* **What is expected**
Pictures excluded, copy word for word the lines from the one holding "Easy to Assemble: Upon" through the last line below.

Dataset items

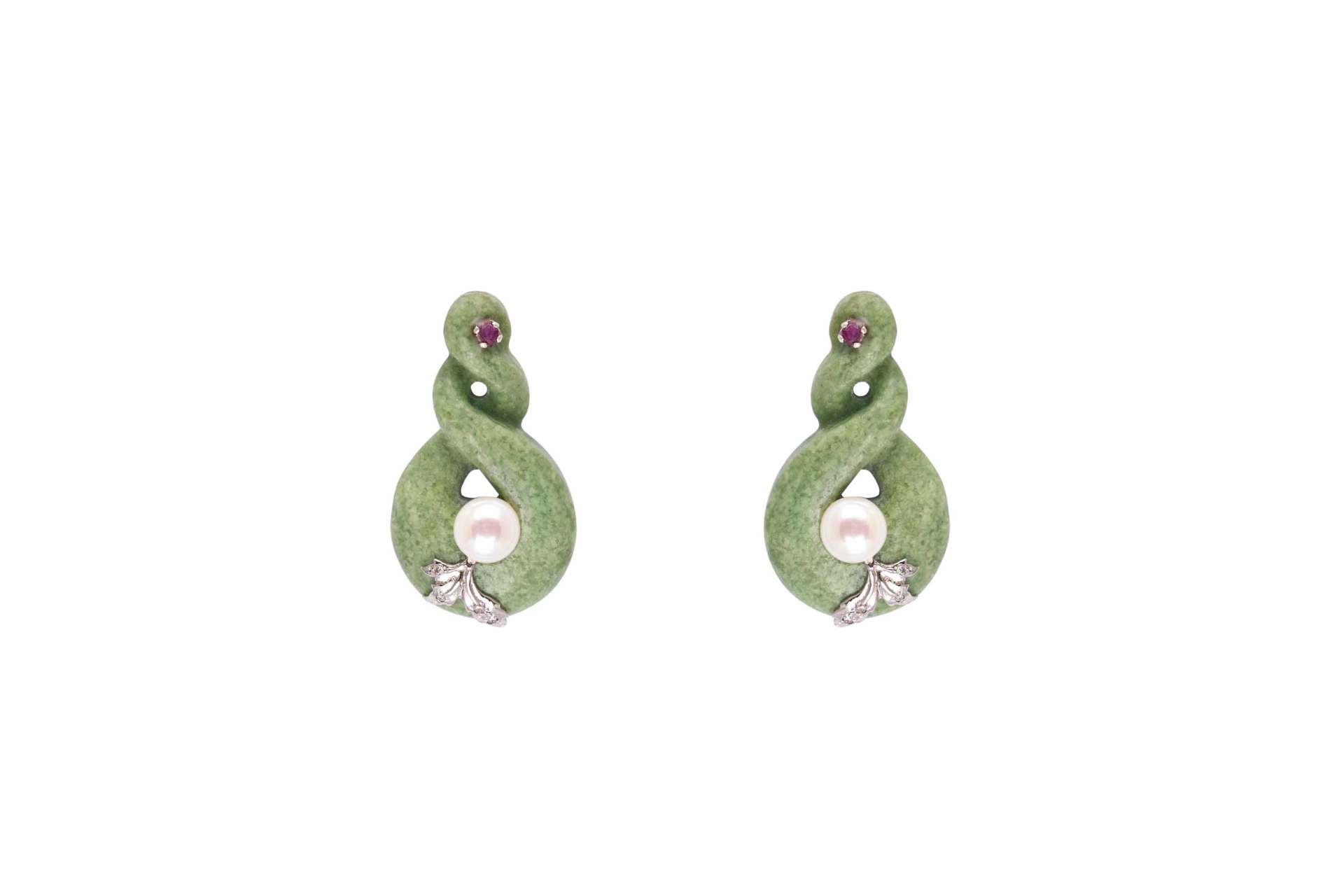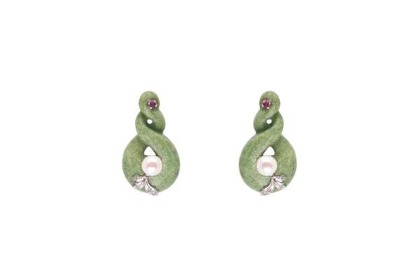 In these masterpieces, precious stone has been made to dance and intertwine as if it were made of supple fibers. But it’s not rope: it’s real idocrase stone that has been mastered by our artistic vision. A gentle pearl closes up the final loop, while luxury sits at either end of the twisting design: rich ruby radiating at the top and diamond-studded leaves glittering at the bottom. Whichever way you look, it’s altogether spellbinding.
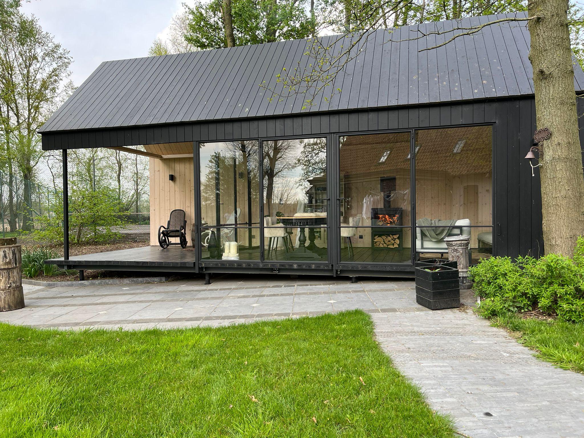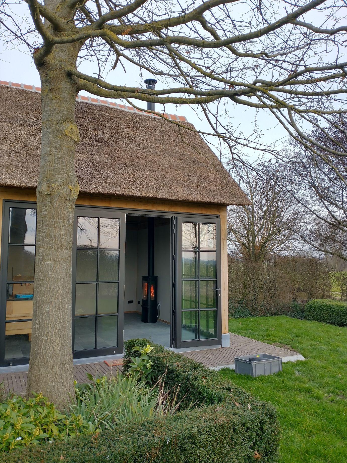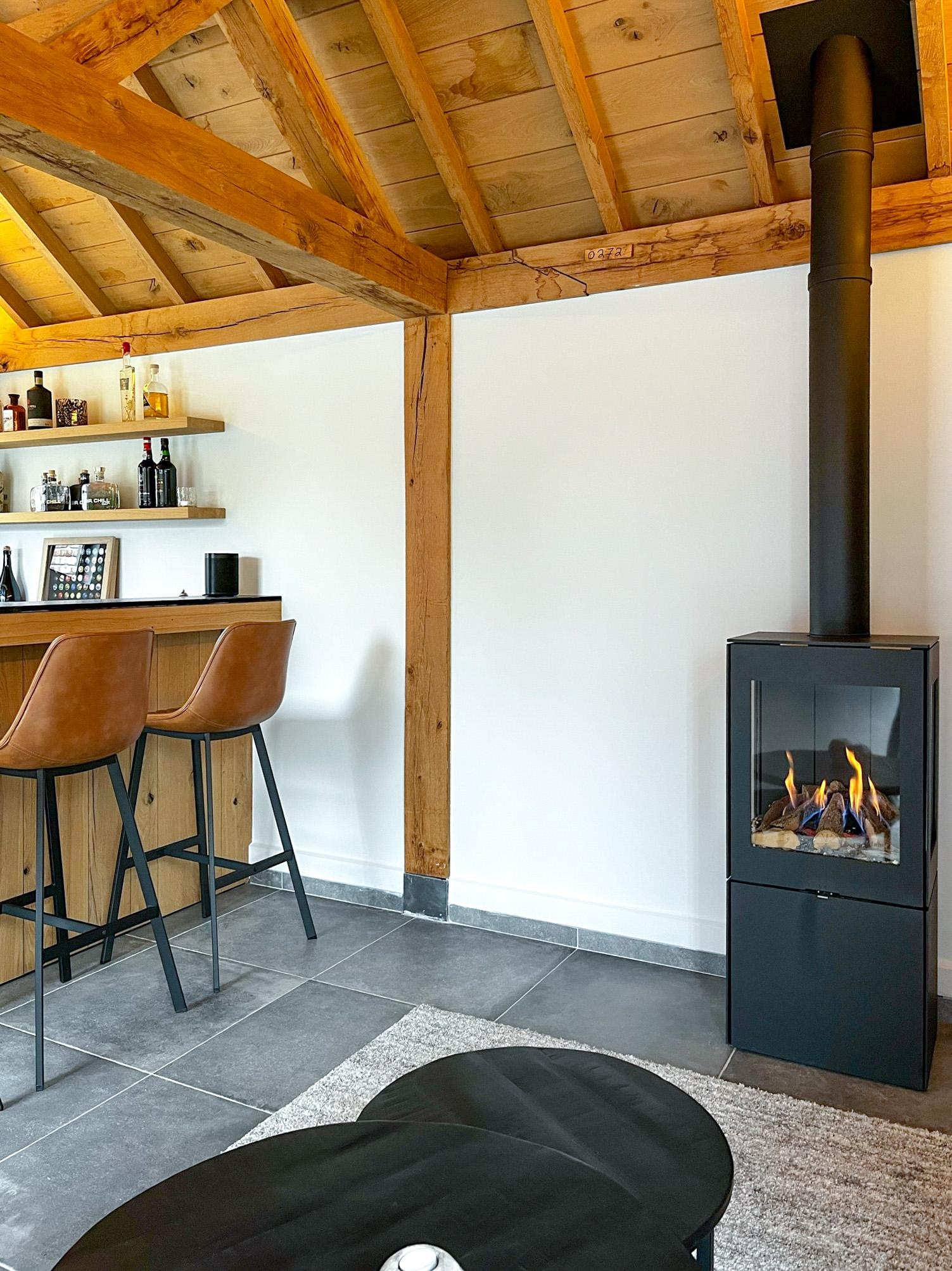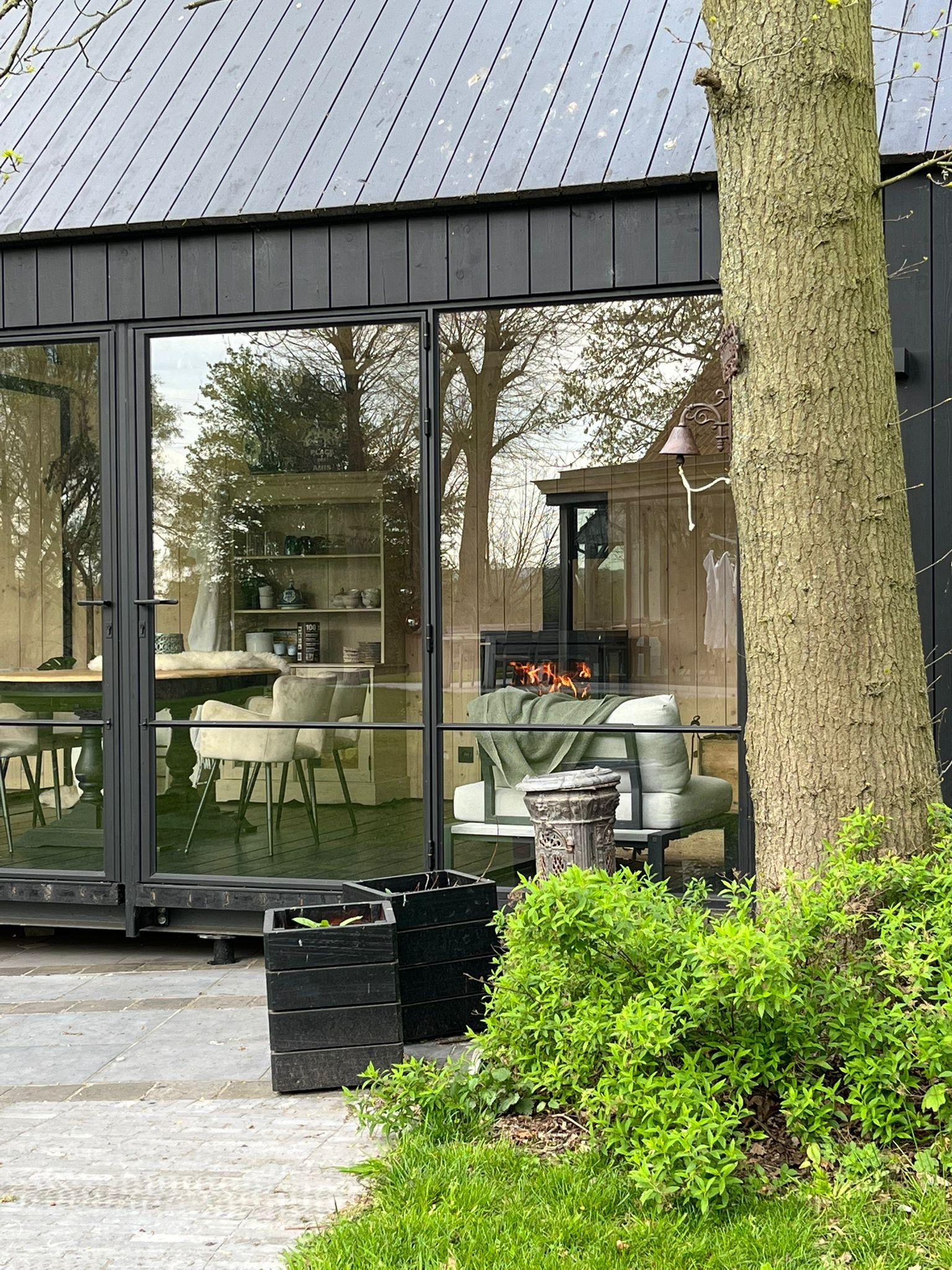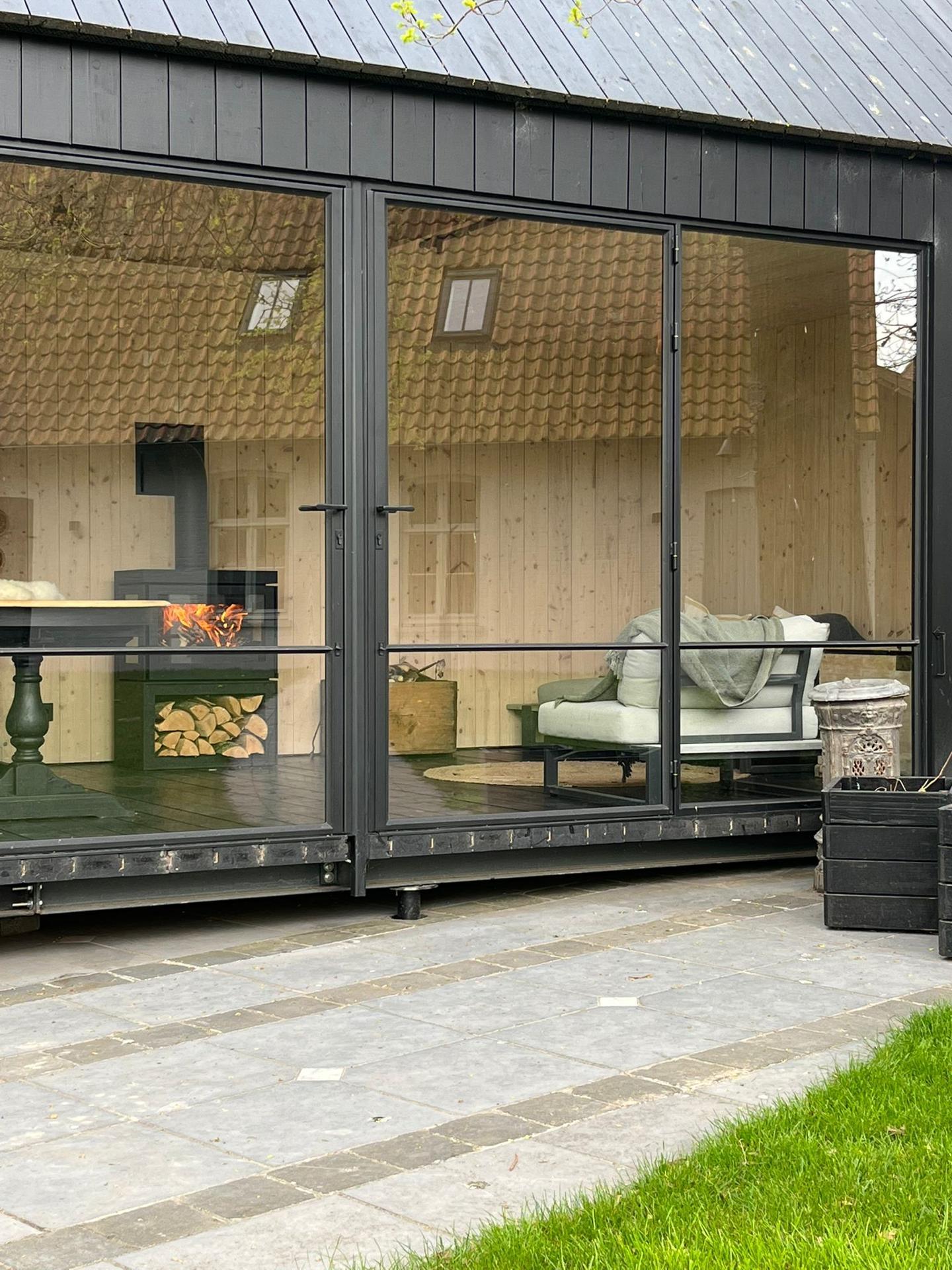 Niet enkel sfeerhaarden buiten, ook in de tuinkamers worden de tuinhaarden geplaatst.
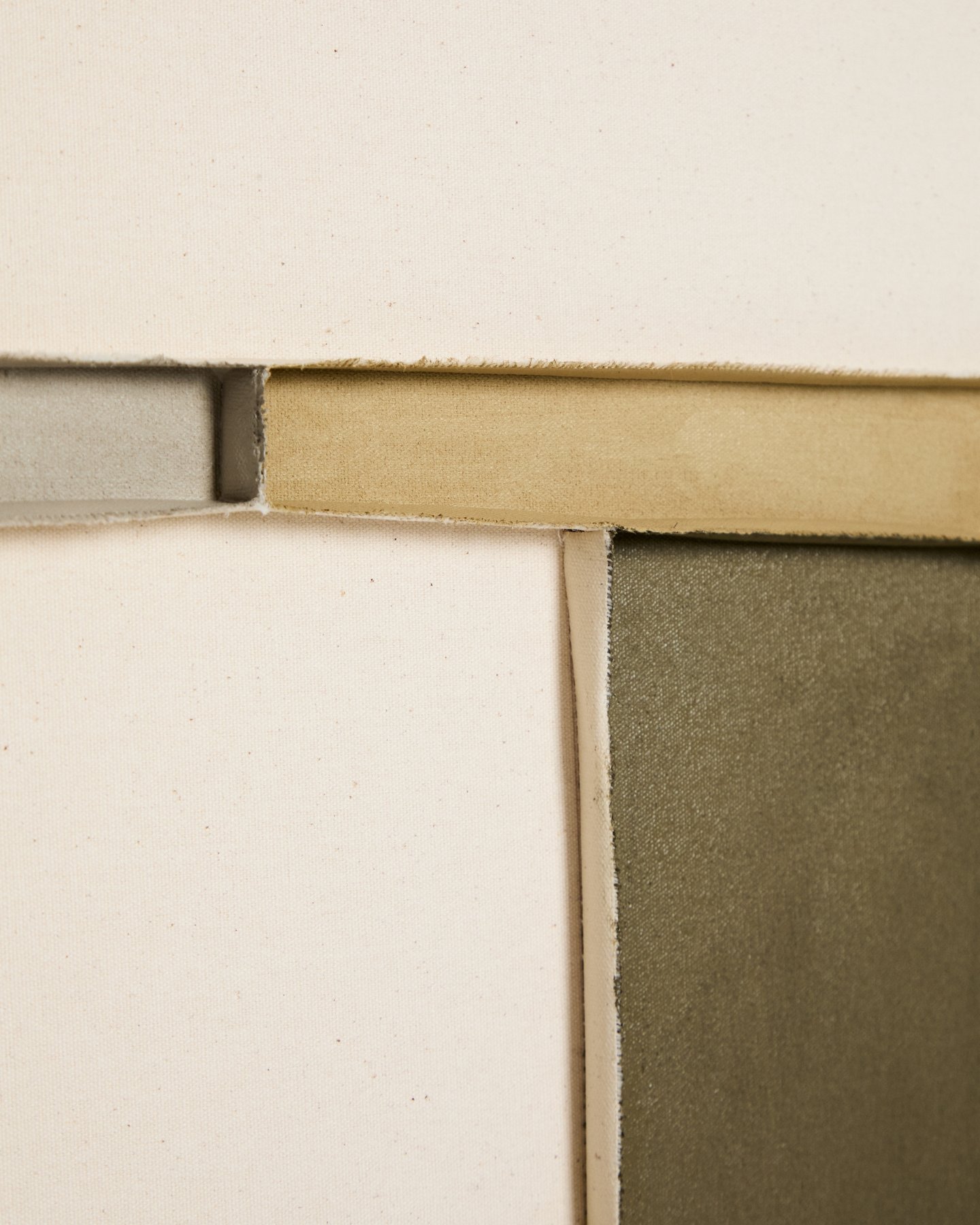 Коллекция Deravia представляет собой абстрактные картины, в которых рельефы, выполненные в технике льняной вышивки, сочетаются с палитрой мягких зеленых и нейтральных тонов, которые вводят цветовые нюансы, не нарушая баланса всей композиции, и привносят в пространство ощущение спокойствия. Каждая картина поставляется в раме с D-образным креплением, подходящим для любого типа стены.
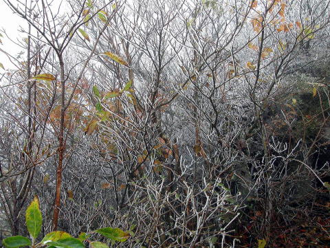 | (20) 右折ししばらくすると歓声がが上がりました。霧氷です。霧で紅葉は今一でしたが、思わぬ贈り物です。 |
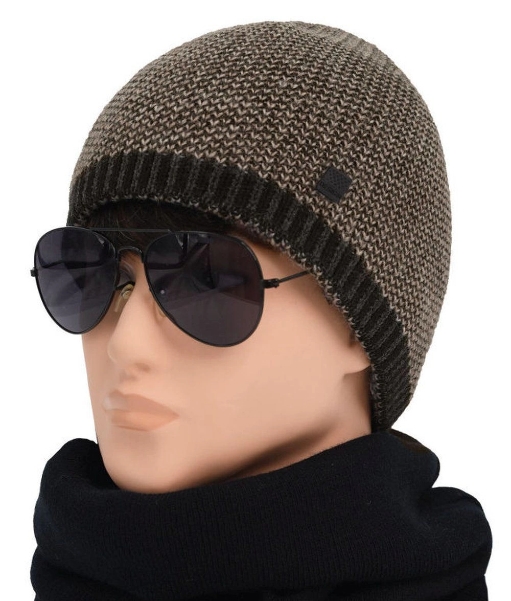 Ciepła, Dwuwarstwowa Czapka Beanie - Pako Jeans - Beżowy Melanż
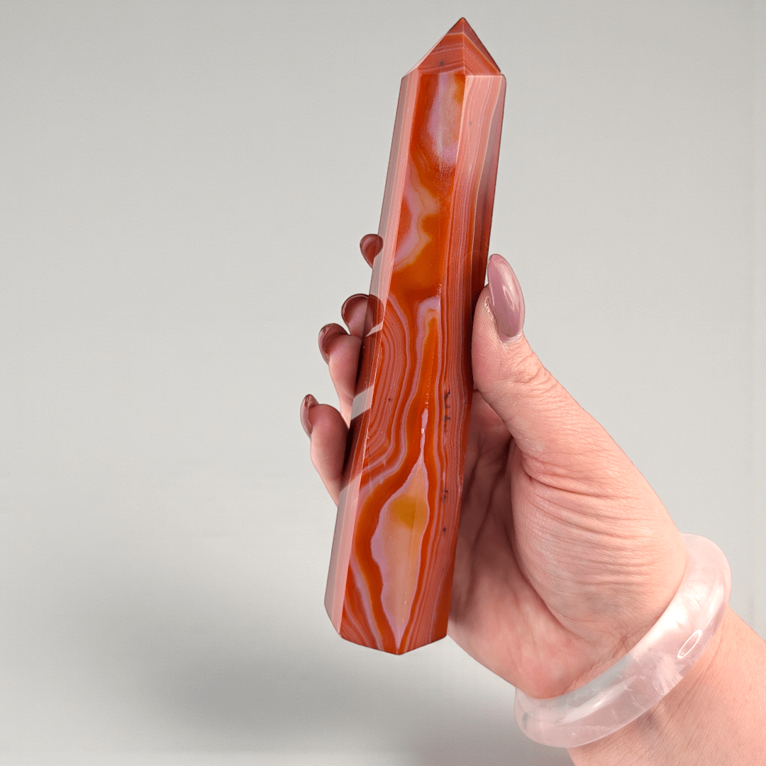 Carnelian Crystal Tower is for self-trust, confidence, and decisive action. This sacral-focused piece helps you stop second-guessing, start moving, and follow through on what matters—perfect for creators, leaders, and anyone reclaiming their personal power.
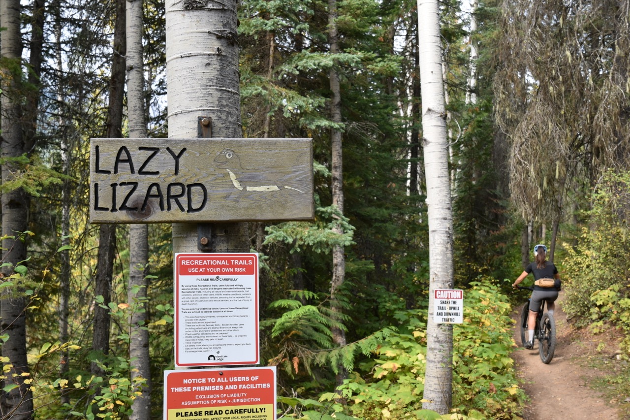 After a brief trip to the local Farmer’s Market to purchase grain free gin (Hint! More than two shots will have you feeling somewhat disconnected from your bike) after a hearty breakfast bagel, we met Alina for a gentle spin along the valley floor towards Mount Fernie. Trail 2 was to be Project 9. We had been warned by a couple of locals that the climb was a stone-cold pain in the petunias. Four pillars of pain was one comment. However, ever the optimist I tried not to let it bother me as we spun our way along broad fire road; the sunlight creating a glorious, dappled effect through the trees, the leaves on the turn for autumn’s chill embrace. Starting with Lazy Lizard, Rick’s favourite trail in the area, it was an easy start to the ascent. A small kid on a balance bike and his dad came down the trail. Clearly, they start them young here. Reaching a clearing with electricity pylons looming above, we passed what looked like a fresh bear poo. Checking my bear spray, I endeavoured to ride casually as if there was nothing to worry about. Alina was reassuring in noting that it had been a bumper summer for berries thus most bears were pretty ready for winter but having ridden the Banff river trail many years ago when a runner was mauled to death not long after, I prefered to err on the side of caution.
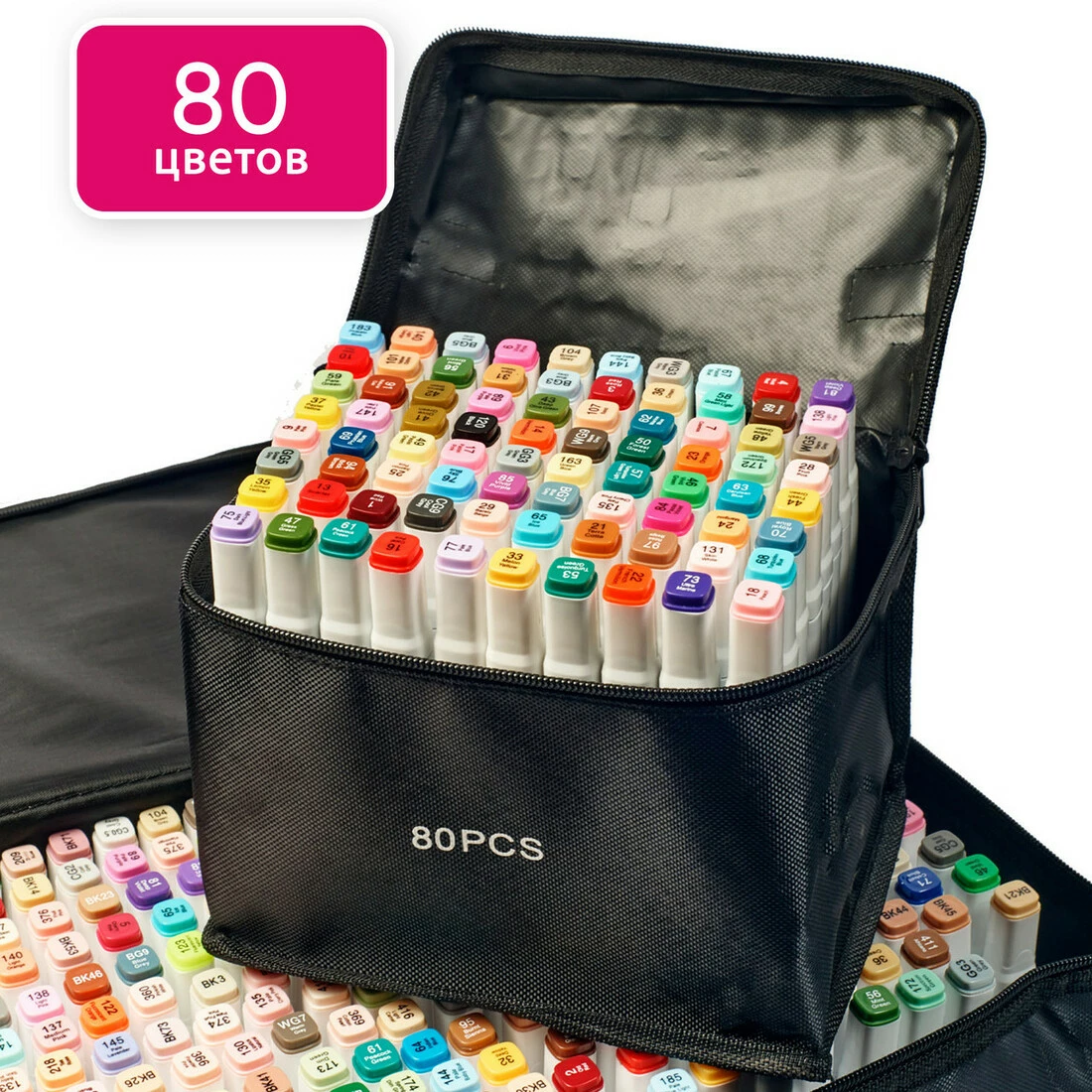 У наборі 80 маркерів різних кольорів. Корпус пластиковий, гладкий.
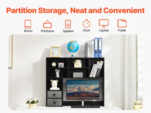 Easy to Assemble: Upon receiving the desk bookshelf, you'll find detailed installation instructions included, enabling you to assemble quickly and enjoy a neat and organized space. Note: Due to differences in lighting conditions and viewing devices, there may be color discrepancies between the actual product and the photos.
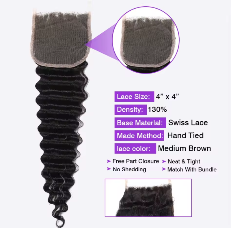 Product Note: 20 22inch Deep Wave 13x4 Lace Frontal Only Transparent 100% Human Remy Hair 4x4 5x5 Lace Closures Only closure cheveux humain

* **Exercise response**
 Easy to Assemble: Upon receiving the desk bookshelf, you'll find detailed installation instructions included, enabling you to assemble quickly and enjoy a neat and organized space. Note: Due to differences in lighting conditions and viewing devices, there may be color discrepancies between the actual product and the photos.
 Product Note: 20 22inch Deep Wave 13x4 Lace Frontal Only Transparent 100% Human Remy Hair 4x4 5x5 Lace Closures Only closure cheveux humain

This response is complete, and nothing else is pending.